Iconic clip is the first music video to be inducted into the Library of Congress.

Since his death on June 25, 2009, late pop icon Michael Jackson has been showered with accolades and honors for his 40-plus-year musical career. But on Wednesday (December 30), one of Jackson's most enduring legacies, the pioneering 1983 dancing-ghoul-filled video for "Thriller," was inducted into the National Film Registry of the Library of Congress.

The Associated Press reported that the 14-minute mini-movie that revolutionized music videos and cemented Jackson's status as one of the most ambitious, innovative pop stars of all time, was one of 25 films that were inducted into the world's largest archive of film, TV and sound recordings.

The iconic video, directed by John Landis ("Animal House," "The Blues Brothers"), is the first music video named to the registry. It earned its spot because of the landmark nature of its achievements, which include Guinness World Record sales of over 9 million copies.

"Because of the way the recording industry is evolving and changing, we thought it would be good to go back to the development of an earlier seismic shift, which was the development of the music video," said Steve Leggett, coordinator of the National Film Preservation Board. "Thriller" had been considered for inclusion in the past, but Leggett said following Jackson's death, the time seemed right to add the video to the list.

The library works with film archives, movie studios and record labels to ensure that original copies of the works it enshrines for their enduring cultural, historical and aesthetic importance to U.S. culture are kept safe as well as acquiring copies for its own vault.

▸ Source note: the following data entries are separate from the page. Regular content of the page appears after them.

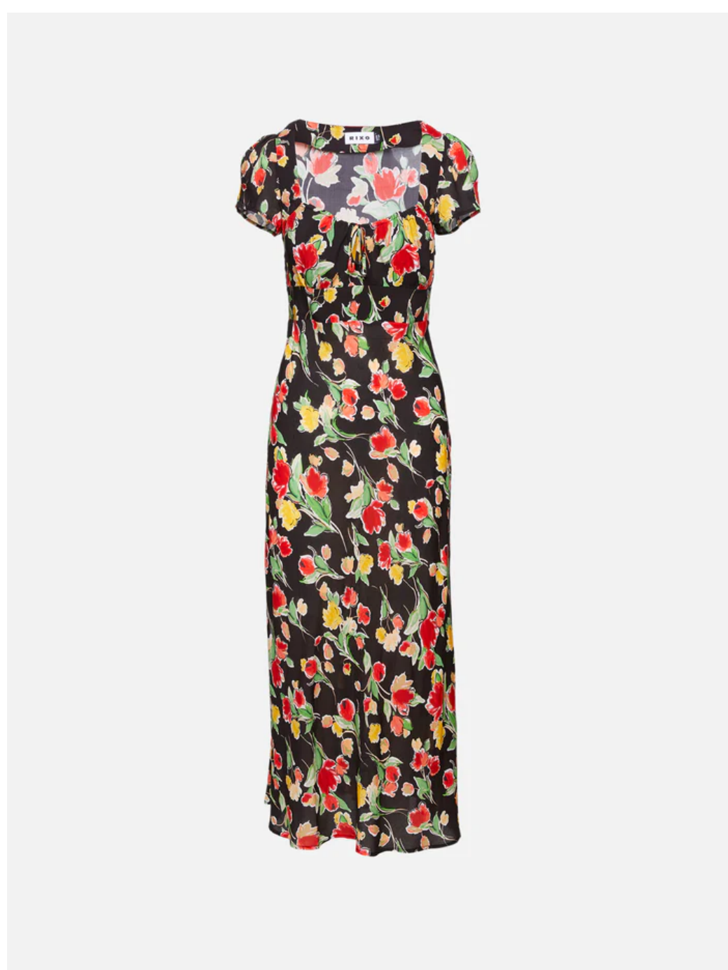
RIXO Marisa Dress $360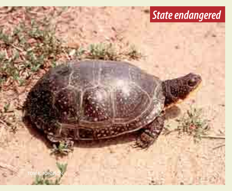
Missouri Distribution: Occurs in a few counties in extreme northeastern Missouri and one county in extreme northwestern Missouri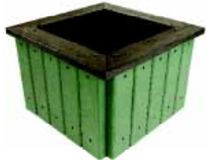
Planter with Rim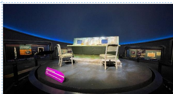
Schaefer Planetarium and Space Object Theater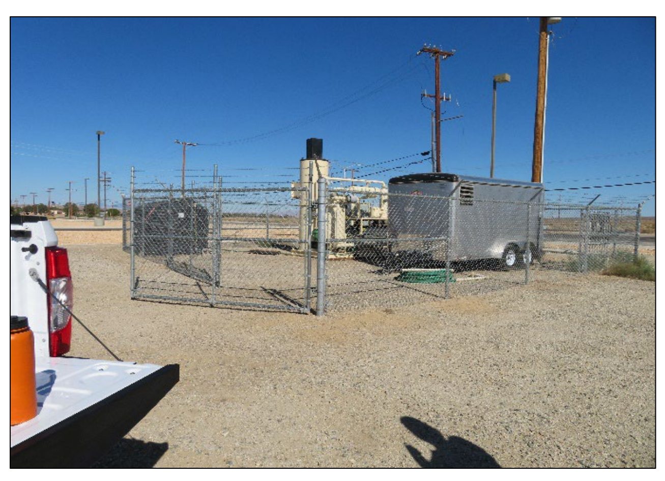
Photo 3.1: View of the air sparge (AS)/soil vapor extraction (SVE) system at Site 297. The SVE system (beige system in background) was upgraded with a new Mako Industries Inc. (Mako) thermal/catalytic oxidizer SVE system in June 2021. This replaced the repurposed Baker Furnace SVE system that was installed onsite in 2019.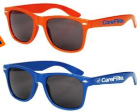
Orange or Blue Sunglasses $4.99 each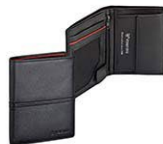
Wallet 5 credit card slots 3 document pockets 1 note compartment zipper pocket coin pocket ◆ 154 213 9x10,5 cm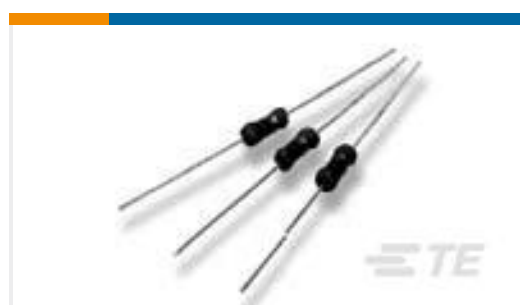
TE Part #5-1625892-3 3W SM M/OX 5% 47K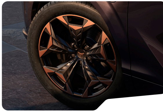
COSMIC COPPER 19" MACHINED SPORT BLACK MATT/COPPER T VZ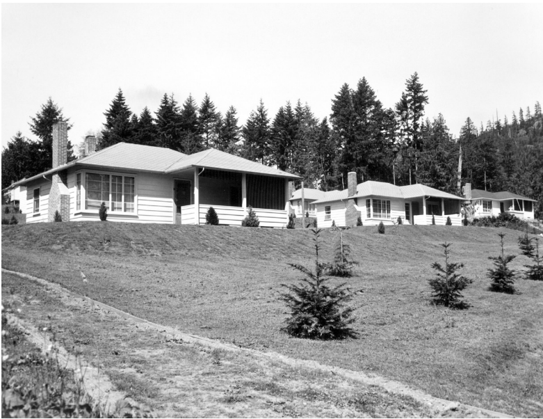
Figure 8. Several of the suburban-like Bowen Island Resort bungalows, with landscaped lawn, ca. 1946.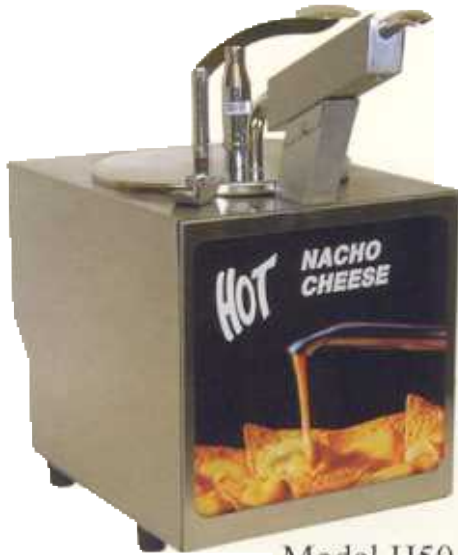
Model H50-HS (Warmer w/Heated Spout)

Each unit comes complete with an on-off switch, a lighted panel, attractive graphics, and 6 ft. cord and plug for easy installation. Powered by a powerful 400 watt wrap around heating element, it provides evenly distributed heat to the entire unit. Cecilware's Hot Condiment Dispensers are an exceptional value for your everyday foodservice operation.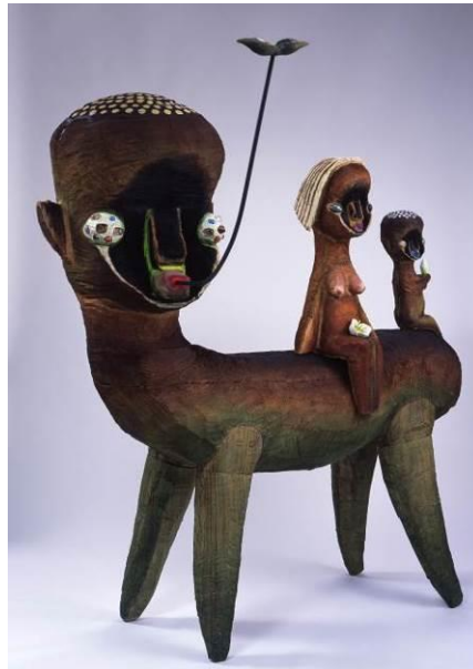
[1] Izumi Kato, Untitled , 2008 wood, acrylic paint, oil, stone 185 x 167 x 110 cm

May 28 (Saturday) – August 21 (Sunday), 2016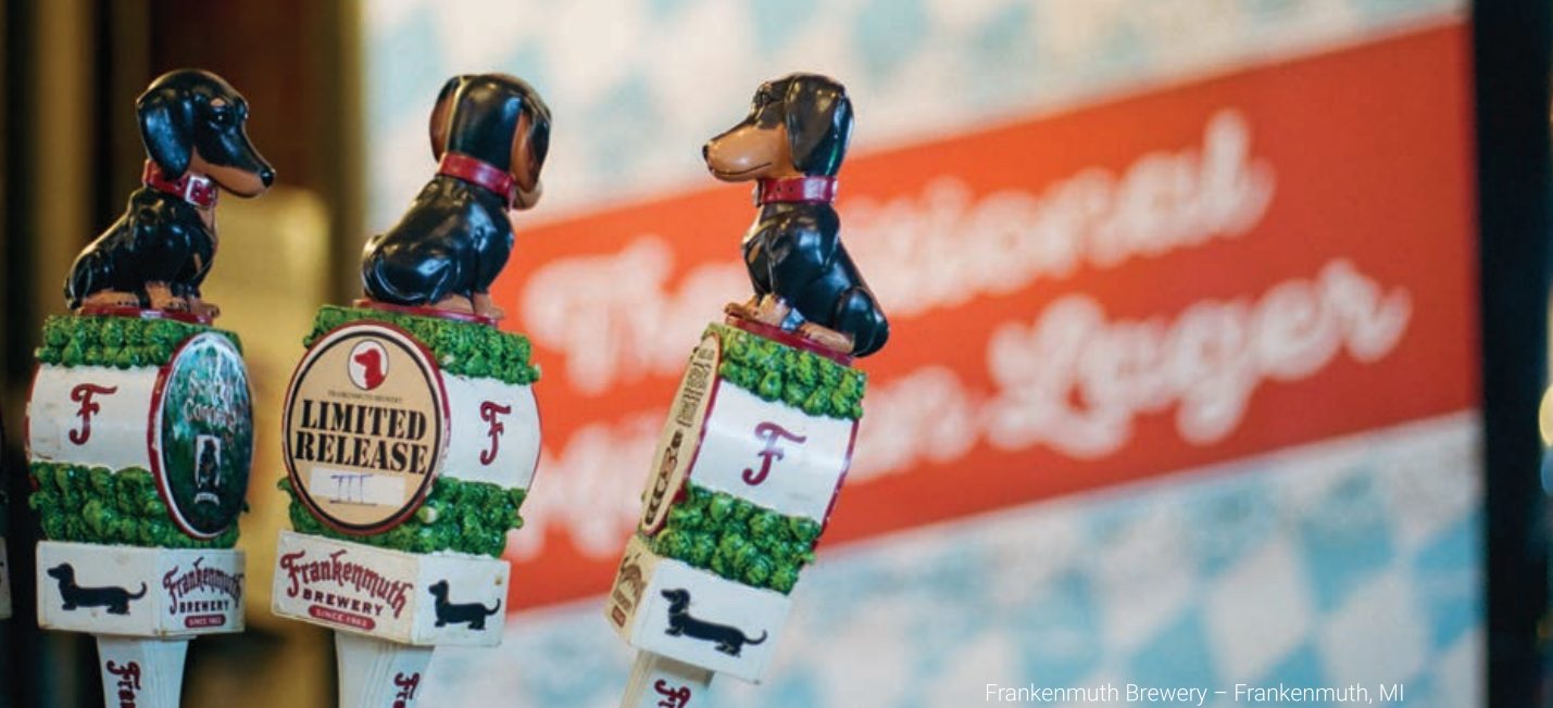
Frankenmuth Brewery – Frankenmuth, MI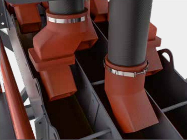
04/ URETHANE DISCHARGE VALVES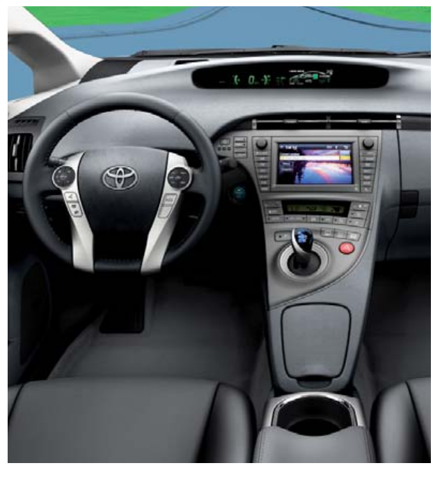
Prius Plug-in Hybrid shown in Clearwater Blue Metallic.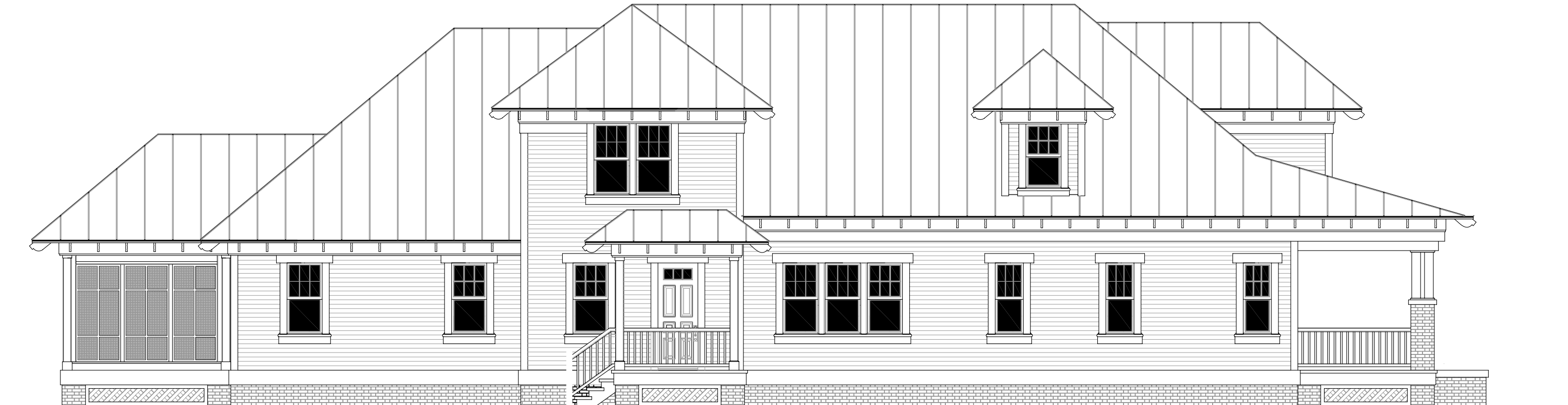
MAYOR'S HOUSE, LEFT ELEVATION, FACING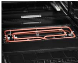
5 KW element provides even heating throughout the oven cavity.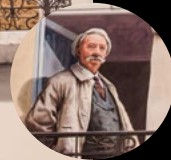
5 - Place des Bons Amis, at the entrance to Rue Viennet: the sculptor Jean-Antoine Injalbert (October 2016).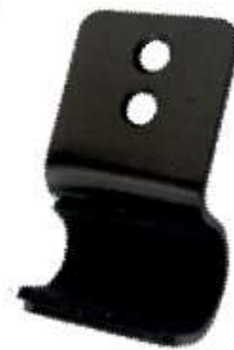
Clamp with two holes (x2)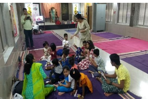
Children Seminar- East Zone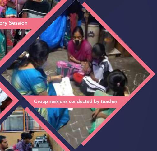
Group sessions conducted by teacher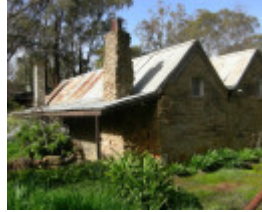
Samson residence_Bendigo_KJ_Aug 09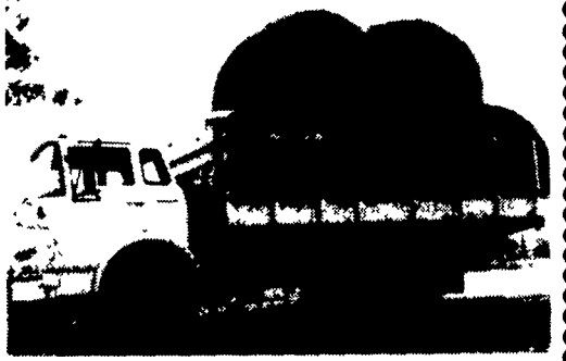
Chevrolet 60 Series Cab Over, 55,000 Mi. 2-Speed Rear, Rebuilt Motor. Heavy 2-Cylinder Hoist. Excellent Condition - Must See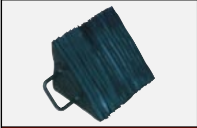
11"W x 8"H x 8"D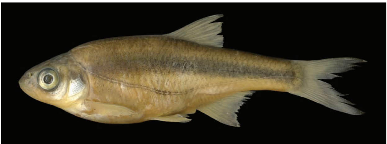
Fig. 6. Alburnoides ohridanus , PZC 232, 58.3 mm SL.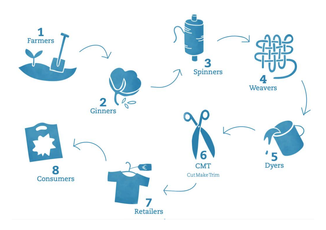
Figure 1: Value chain for textiles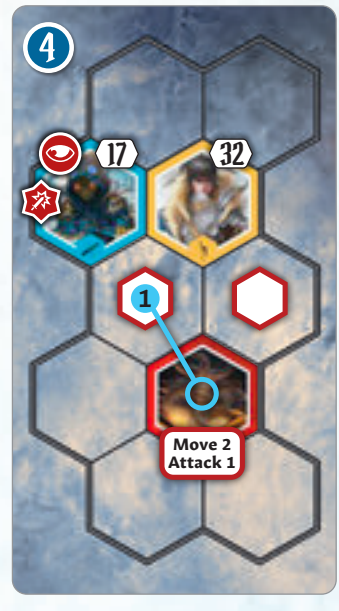
The two enemies are equally close by range, so the Algox Guard focuses on the enemy earlier in the initiative order.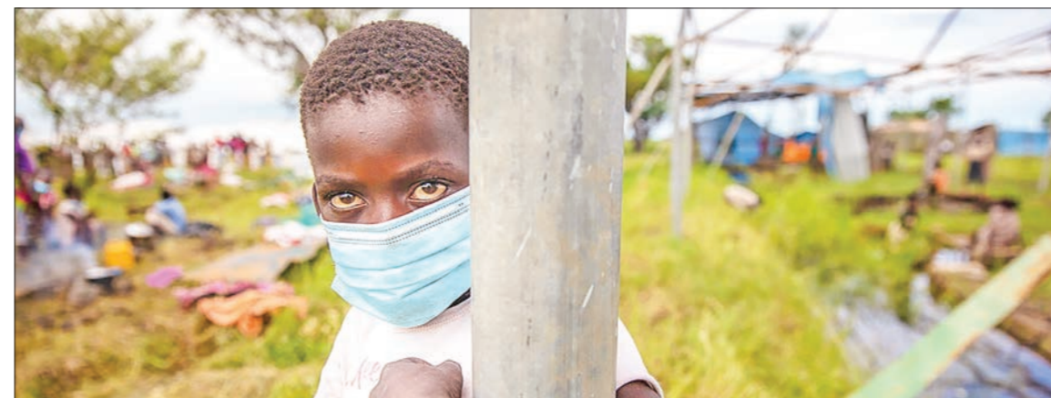
A young boy in Sofala Province, Mozambique. Families were temporarily rehoused at a relocation centre after their homes were destroyed by Cyclone Eloise in January.

The funding was also used to deploy some 191 Emergency Medical Teams, support sero-epidemiological studies in 58 countries, and provide online training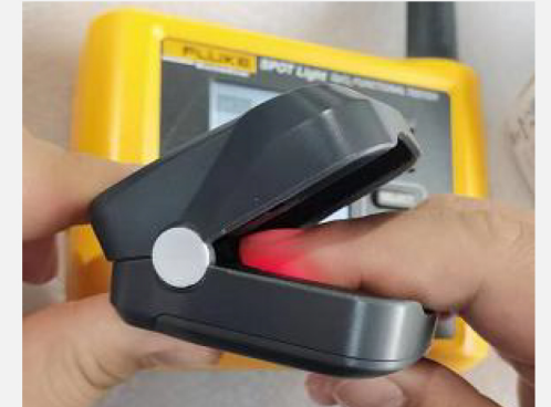
With Silicone pad (More comfortable to use)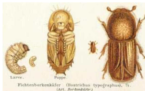
The bark beetle in different stages of development: pupa, larva, and adult (Illustration from Meyers Konversations-Lexikon, 4. Aufl. 1888)

Two bark beetle generations per year implies two flight periods and a noticeable increase in the number of attacks on standing trees each year. The effect is also amplified by the fact that spruce trees seem to have a much lower resistance to bark beetle infestation in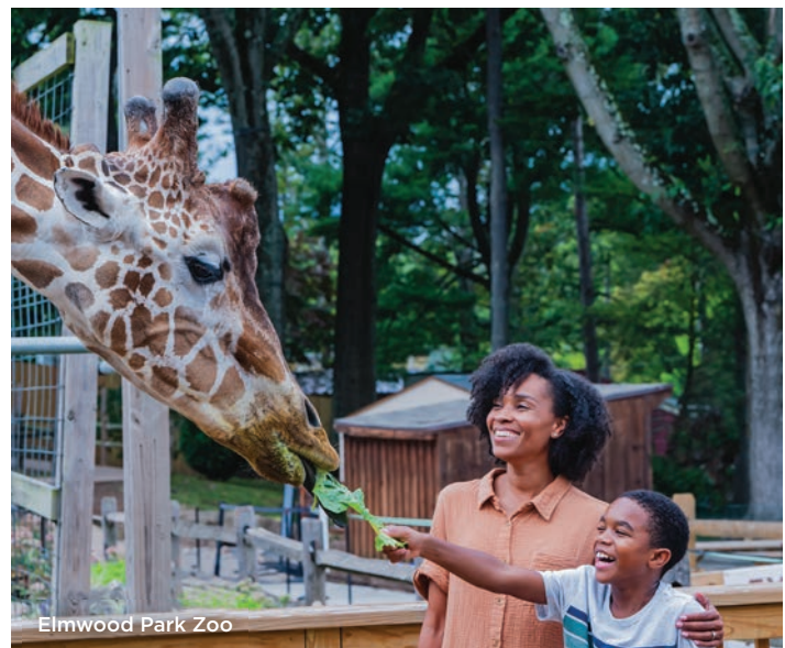
Elmwood Park Zoo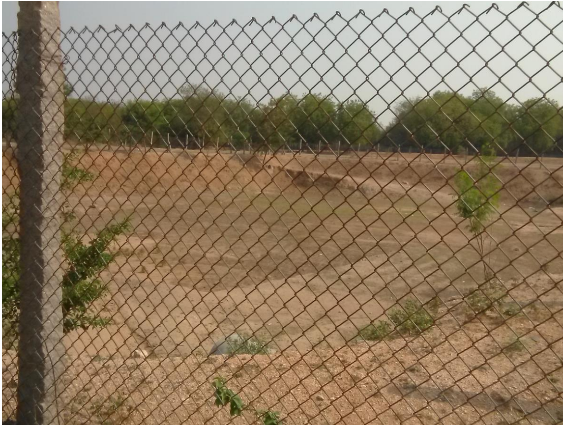
Percolation Tank in extended campus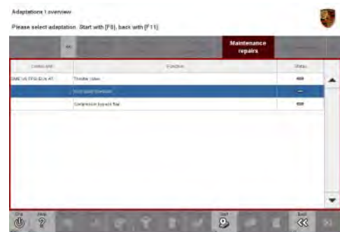
Kickdown threshold adaptation

Among the other works entering the National Film Registry this year: 1979's "The Muppet Movie"; the 1957 sci-fi classic "The Incredible Shrinking Man"; Sergio Leone's epic spaghetti western "Once Upon a Time in the West"; 1938's "Jezebel," featuring Bette Davis' Oscar-winning performance; the 1975 bank-heist-gone-wrong movie "Dog Day Afternoon," starring Al Pacino; 1940's "The Mark of Zorro"; and the iconic "Little Nemo" from 1911, which mixed live action and animation and served as an inspiration for future animators, including Walt Disney.